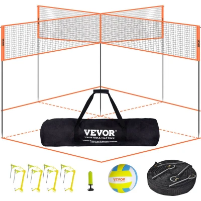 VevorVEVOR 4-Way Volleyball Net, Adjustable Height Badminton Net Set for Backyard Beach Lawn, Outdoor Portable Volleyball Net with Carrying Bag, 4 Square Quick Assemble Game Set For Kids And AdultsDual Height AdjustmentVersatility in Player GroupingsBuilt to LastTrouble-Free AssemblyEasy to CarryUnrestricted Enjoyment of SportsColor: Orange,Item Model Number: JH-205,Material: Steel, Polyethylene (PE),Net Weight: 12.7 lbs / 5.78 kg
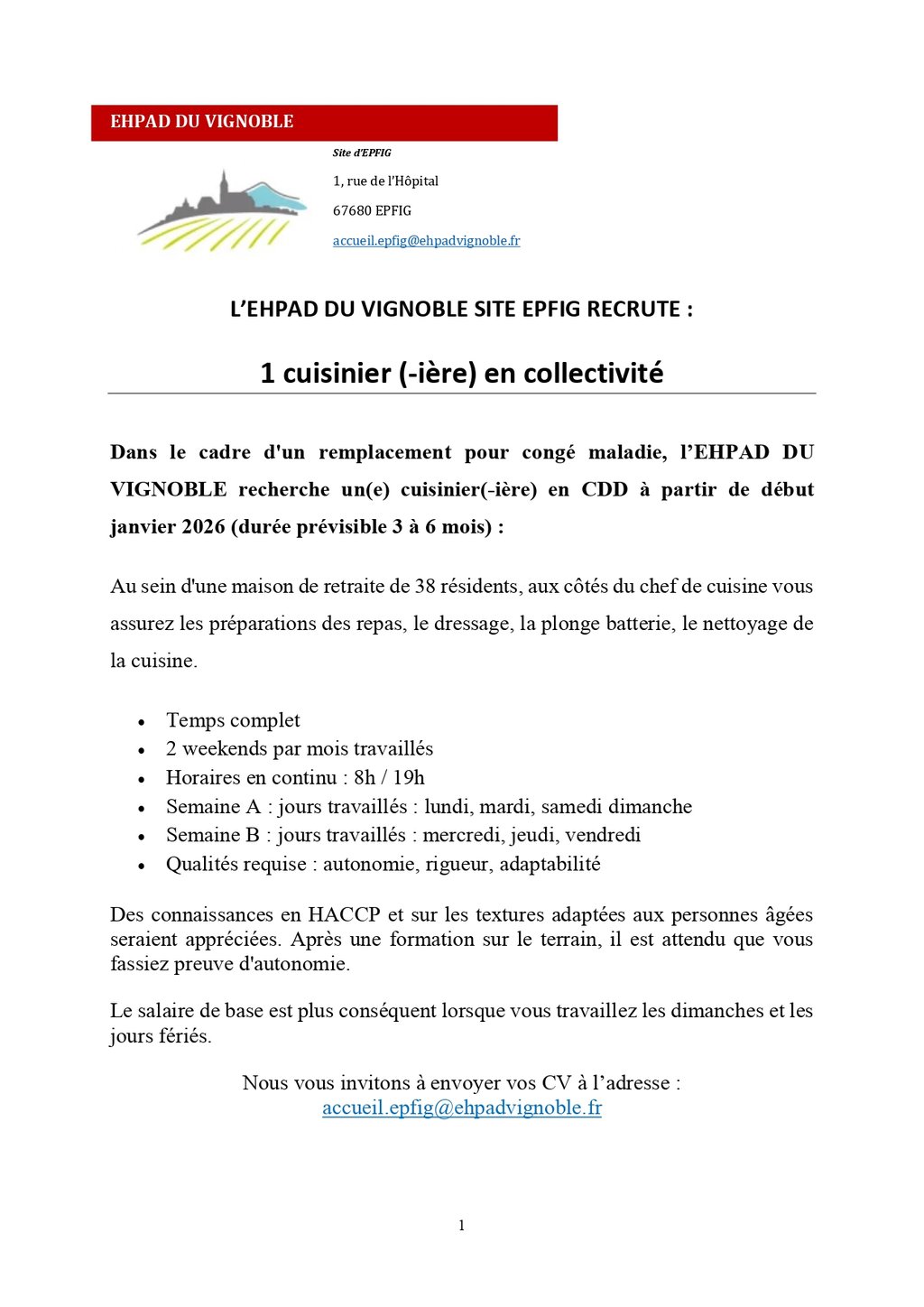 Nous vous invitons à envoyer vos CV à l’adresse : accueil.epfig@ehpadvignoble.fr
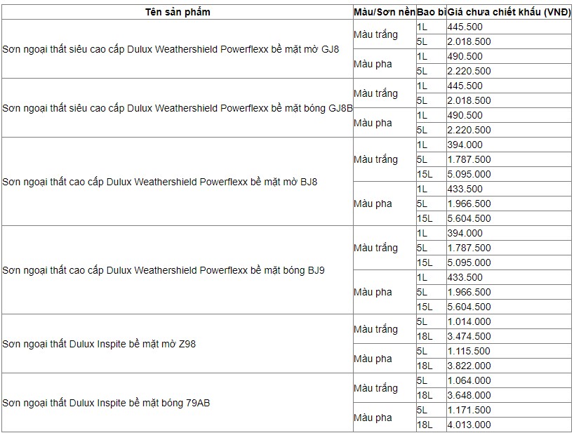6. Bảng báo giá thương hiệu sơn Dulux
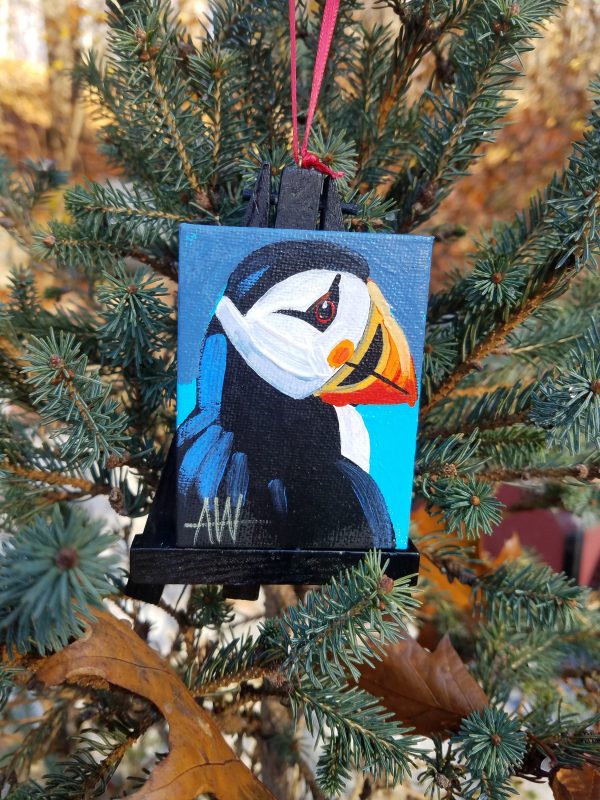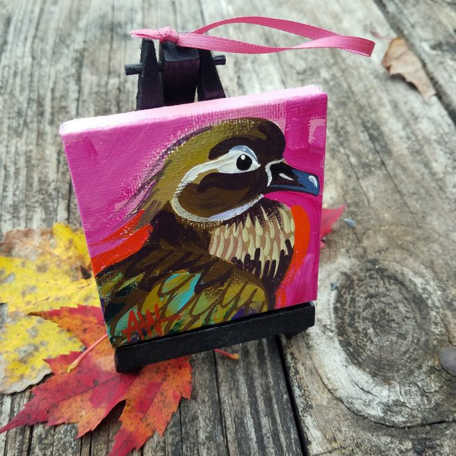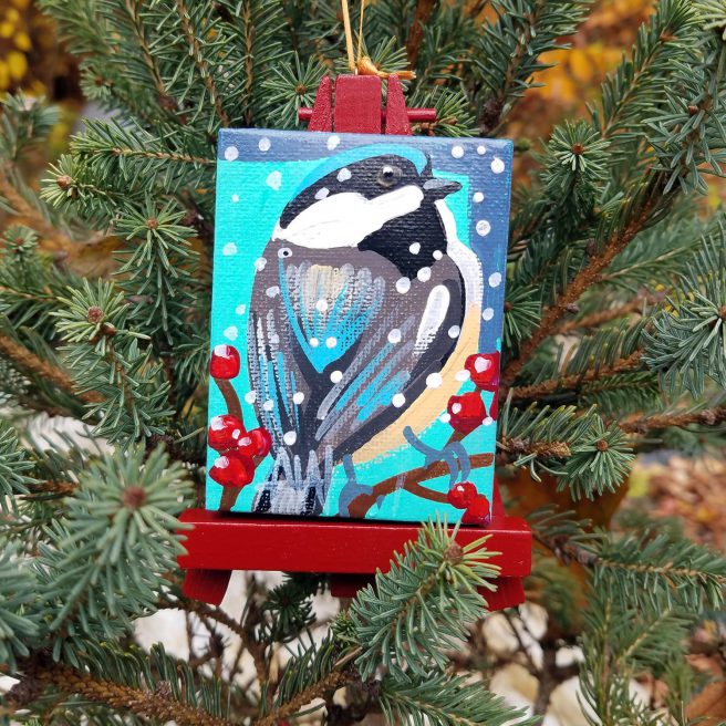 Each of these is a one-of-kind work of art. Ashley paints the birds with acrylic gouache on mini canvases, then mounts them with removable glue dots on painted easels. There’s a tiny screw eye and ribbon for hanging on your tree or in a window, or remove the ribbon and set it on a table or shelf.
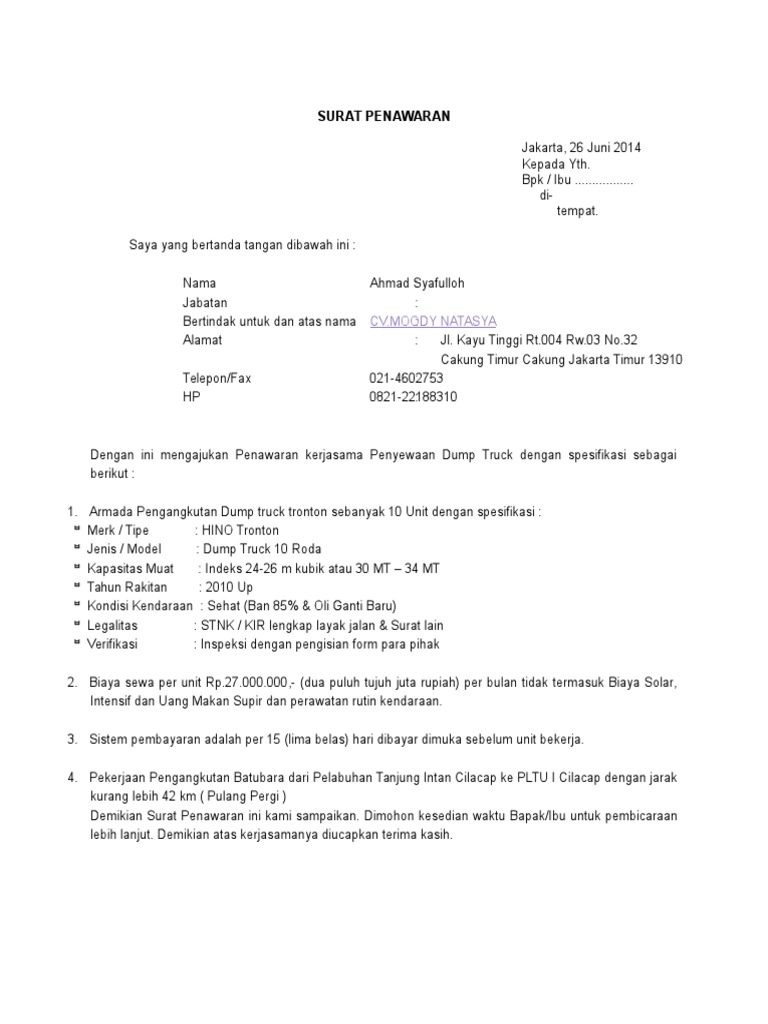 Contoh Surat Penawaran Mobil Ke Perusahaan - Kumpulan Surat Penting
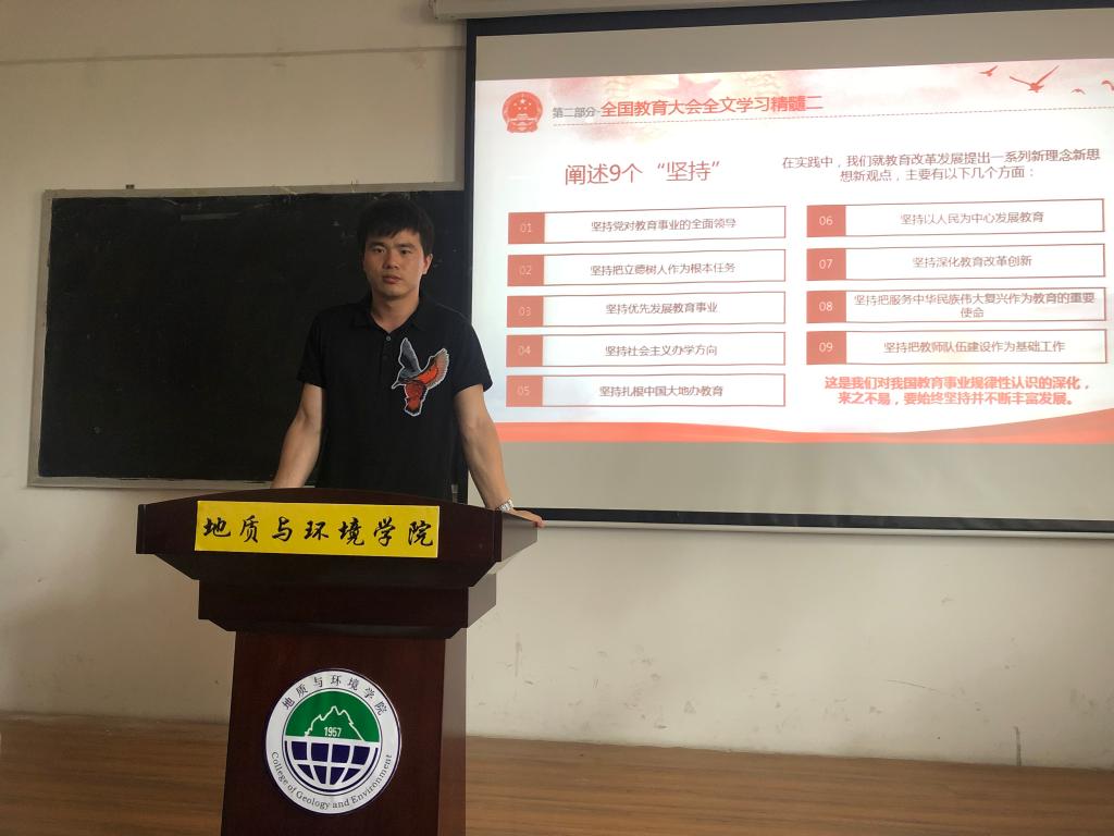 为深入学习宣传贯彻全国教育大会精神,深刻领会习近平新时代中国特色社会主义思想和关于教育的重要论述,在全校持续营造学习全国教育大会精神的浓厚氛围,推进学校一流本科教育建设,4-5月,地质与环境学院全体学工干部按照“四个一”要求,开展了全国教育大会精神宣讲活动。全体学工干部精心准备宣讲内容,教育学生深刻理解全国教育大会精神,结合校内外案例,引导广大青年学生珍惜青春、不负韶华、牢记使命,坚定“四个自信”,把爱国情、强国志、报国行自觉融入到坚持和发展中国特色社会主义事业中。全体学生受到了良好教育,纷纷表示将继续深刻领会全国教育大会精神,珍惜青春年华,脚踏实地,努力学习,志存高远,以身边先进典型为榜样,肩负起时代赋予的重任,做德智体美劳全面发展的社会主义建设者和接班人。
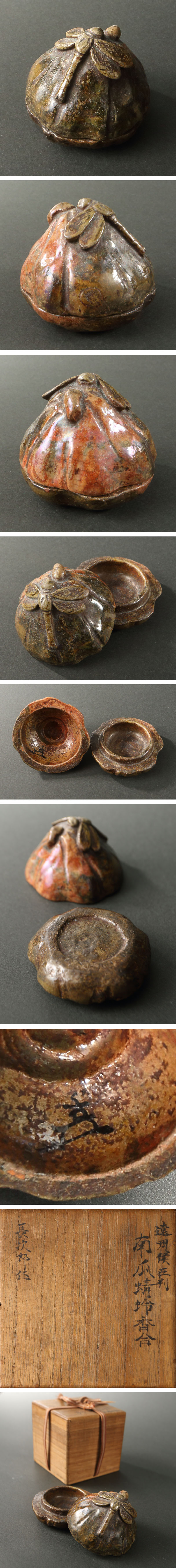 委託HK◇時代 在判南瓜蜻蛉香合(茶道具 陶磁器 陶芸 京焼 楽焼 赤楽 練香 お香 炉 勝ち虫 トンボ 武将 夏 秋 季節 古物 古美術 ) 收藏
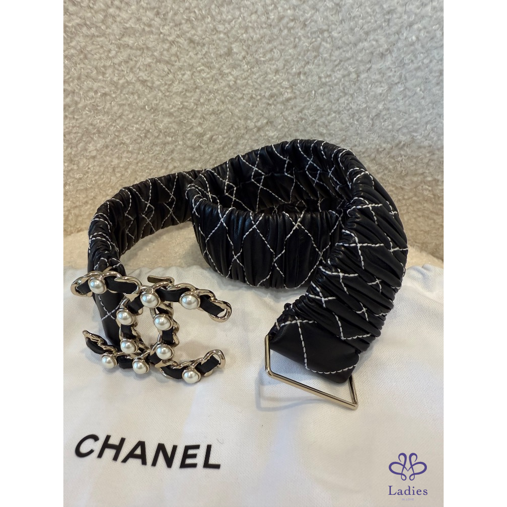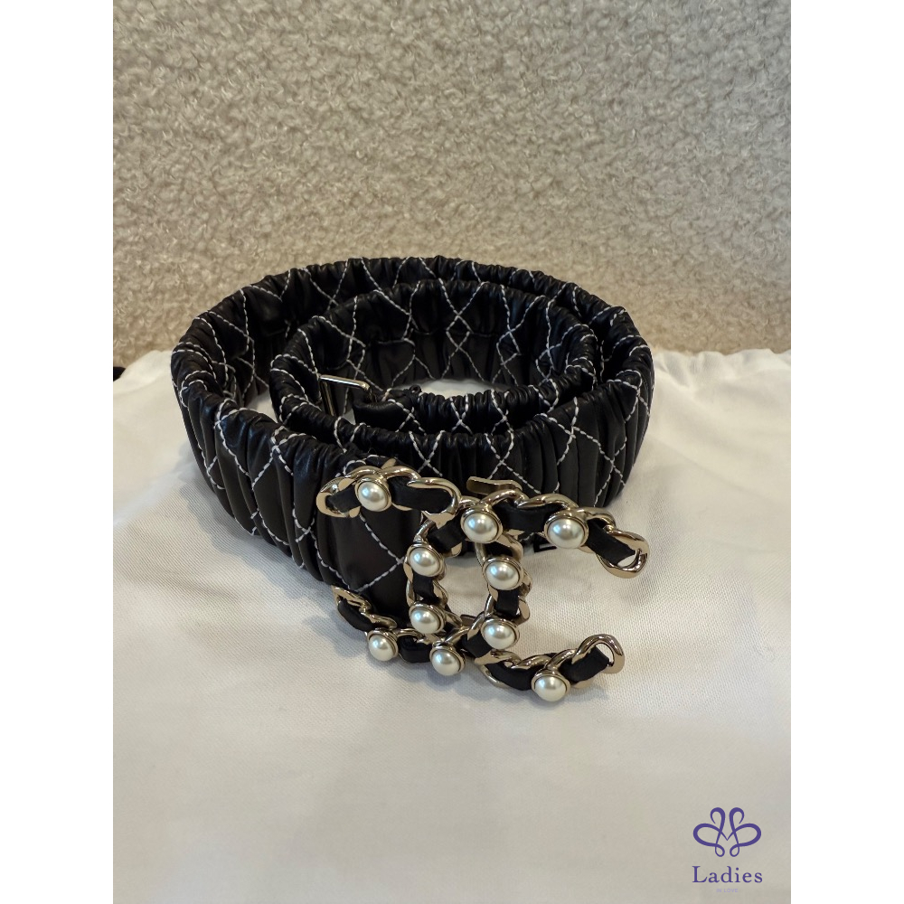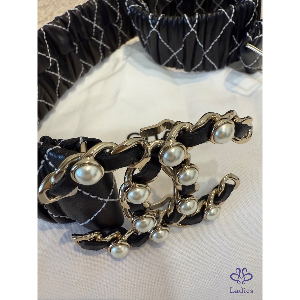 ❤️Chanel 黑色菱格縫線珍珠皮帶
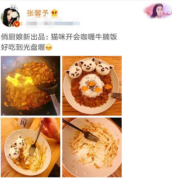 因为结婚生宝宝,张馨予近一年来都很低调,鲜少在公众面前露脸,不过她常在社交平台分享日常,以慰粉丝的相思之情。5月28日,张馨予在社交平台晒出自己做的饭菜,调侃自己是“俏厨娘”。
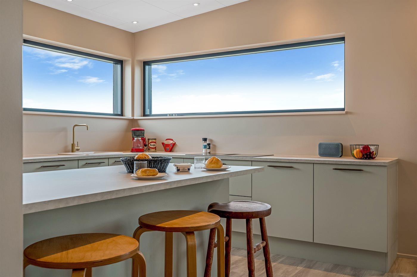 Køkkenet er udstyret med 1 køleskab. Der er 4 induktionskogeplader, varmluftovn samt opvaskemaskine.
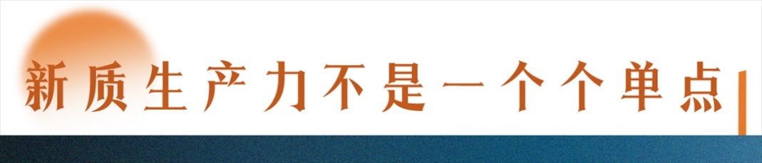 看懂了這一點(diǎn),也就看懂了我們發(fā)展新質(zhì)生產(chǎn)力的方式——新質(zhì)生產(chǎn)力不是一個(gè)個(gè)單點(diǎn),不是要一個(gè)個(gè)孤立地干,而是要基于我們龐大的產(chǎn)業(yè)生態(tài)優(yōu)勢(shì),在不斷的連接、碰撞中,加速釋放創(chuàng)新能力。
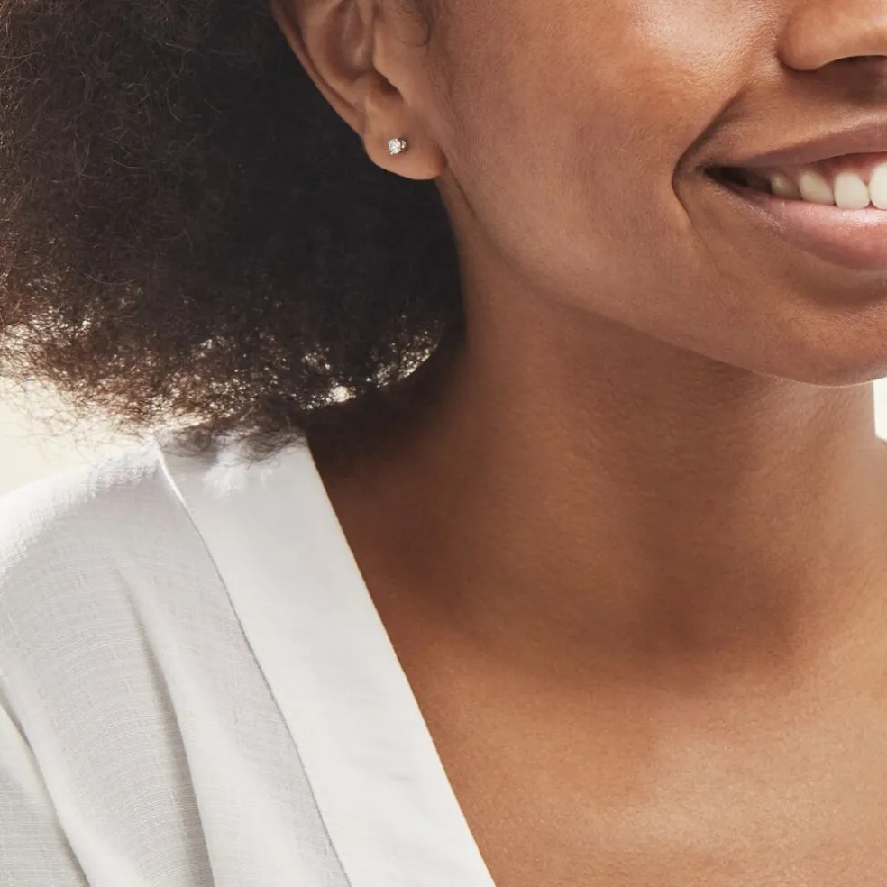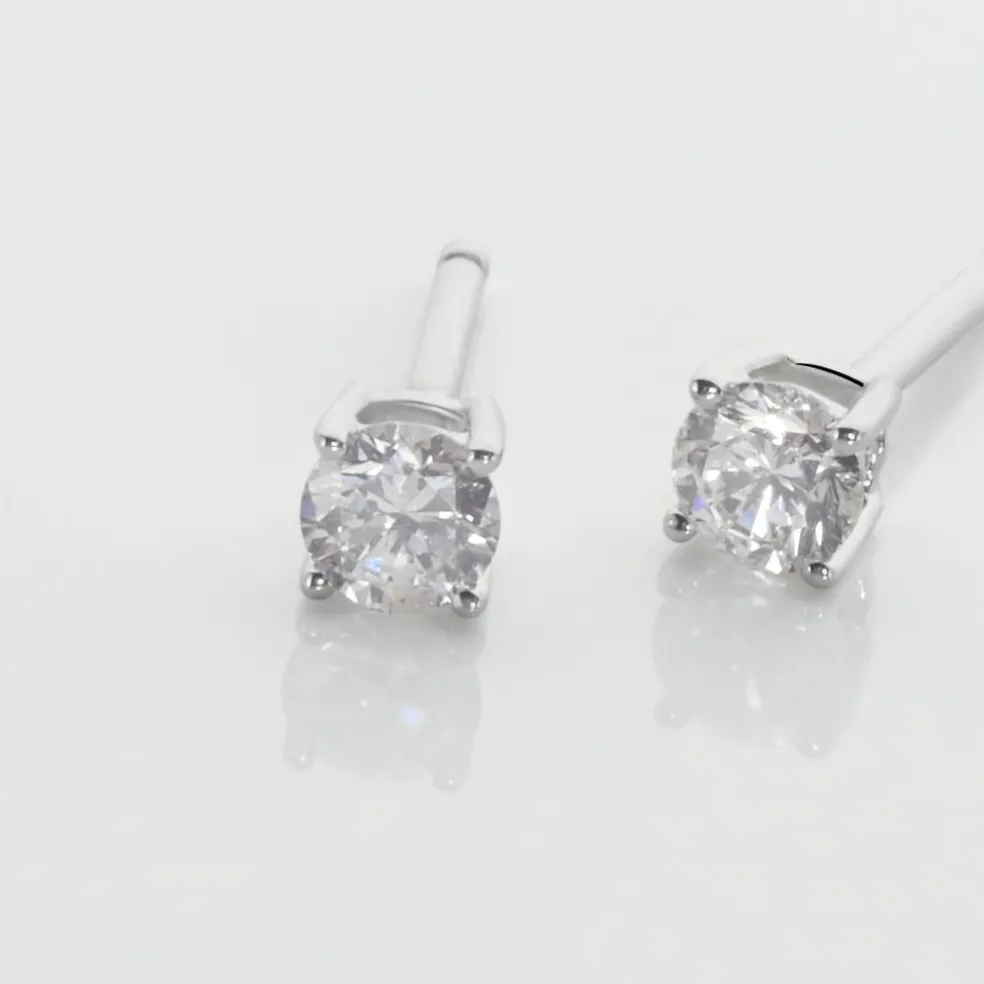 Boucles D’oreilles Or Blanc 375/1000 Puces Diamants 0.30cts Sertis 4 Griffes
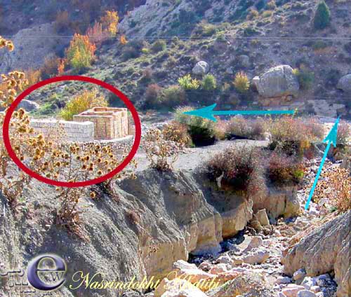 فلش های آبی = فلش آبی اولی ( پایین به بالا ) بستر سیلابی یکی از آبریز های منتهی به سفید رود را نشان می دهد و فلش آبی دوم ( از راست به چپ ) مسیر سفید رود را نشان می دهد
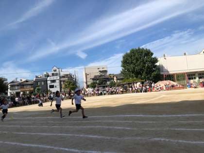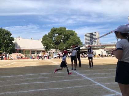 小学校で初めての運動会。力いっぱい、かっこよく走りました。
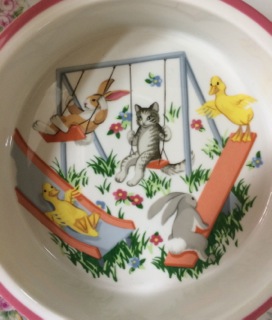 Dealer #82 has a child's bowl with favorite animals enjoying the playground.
========
Write out the whole listing exactly, with no pictures.

TASK RESPONSE.
 VevorVEVOR 4-Way Volleyball Net, Adjustable Height Badminton Net Set for Backyard Beach Lawn, Outdoor Portable Volleyball Net with Carrying Bag, 4 Square Quick Assemble Game Set For Kids And AdultsDual Height AdjustmentVersatility in Player GroupingsBuilt to LastTrouble-Free AssemblyEasy to CarryUnrestricted Enjoyment of SportsColor: Orange,Item Model Number: JH-205,Material: Steel, Polyethylene (PE),Net Weight: 12.7 lbs / 5.78 kg
 Nous vous invitons à envoyer vos CV à l’adresse : accueil.epfig@ehpadvignoble.fr
6. Bảng báo giá thương hiệu sơn Dulux
 Each of these is a one-of-kind work of art. Ashley paints the birds with acrylic gouache on mini canvases, then mounts them with removable glue dots on painted easels. There’s a tiny screw eye and ribbon for hanging on your tree or in a window, or remove the ribbon and set it on a table or shelf.
 Contoh Surat Penawaran Mobil Ke Perusahaan - Kumpulan Surat Penting
 为深入学习宣传贯彻全国教育大会精神,深刻领会习近平新时代中国特色社会主义思想和关于教育的重要论述,在全校持续营造学习全国教育大会精神的浓厚氛围,推进学校一流本科教育建设,4-5月,地质与环境学院全体学工干部按照“四个一”要求,开展了全国教育大会精神宣讲活动。全体学工干部精心准备宣讲内容,教育学生深刻理解全国教育大会精神,结合校内外案例,引导广大青年学生珍惜青春、不负韶华、牢记使命,坚定“四个自信”,把爱国情、强国志、报国行自觉融入到坚持和发展中国特色社会主义事业中。全体学生受到了良好教育,纷纷表示将继续深刻领会全国教育大会精神,珍惜青春年华,脚踏实地,努力学习,志存高远,以身边先进典型为榜样,肩负起时代赋予的重任,做德智体美劳全面发展的社会主义建设者和接班人。
 委託HK◇時代 在判南瓜蜻蛉香合(茶道具 陶磁器 陶芸 京焼 楽焼 赤楽 練香 お香 炉 勝ち虫 トンボ 武将 夏 秋 季節 古物 古美術 ) 收藏
 ❤️Chanel 黑色菱格縫線珍珠皮帶
 因为结婚生宝宝,张馨予近一年来都很低调,鲜少在公众面前露脸,不过她常在社交平台分享日常,以慰粉丝的相思之情。5月28日,张馨予在社交平台晒出自己做的饭菜,调侃自己是“俏厨娘”。
 Køkkenet er udstyret med 1 køleskab. Der er 4 induktionskogeplader, varmluftovn samt opvaskemaskine.
 看懂了這一點(diǎn),也就看懂了我們發(fā)展新質(zhì)生產(chǎn)力的方式——新質(zhì)生產(chǎn)力不是一個(gè)個(gè)單點(diǎn),不是要一個(gè)個(gè)孤立地干,而是要基于我們龐大的產(chǎn)業(yè)生態(tài)優(yōu)勢(shì),在不斷的連接、碰撞中,加速釋放創(chuàng)新能力。
 Boucles D’oreilles Or Blanc 375/1000 Puces Diamants 0.30cts Sertis 4 Griffes
 فلش های آبی = فلش آبی اولی ( پایین به بالا ) بستر سیلابی یکی از آبریز های منتهی به سفید رود را نشان می دهد و فلش آبی دوم ( از راست به چپ ) مسیر سفید رود را نشان می دهد
 小学校で初めての運動会。力いっぱい、かっこよく走りました。
 Dealer #82 has a child's bowl with favorite animals enjoying the playground.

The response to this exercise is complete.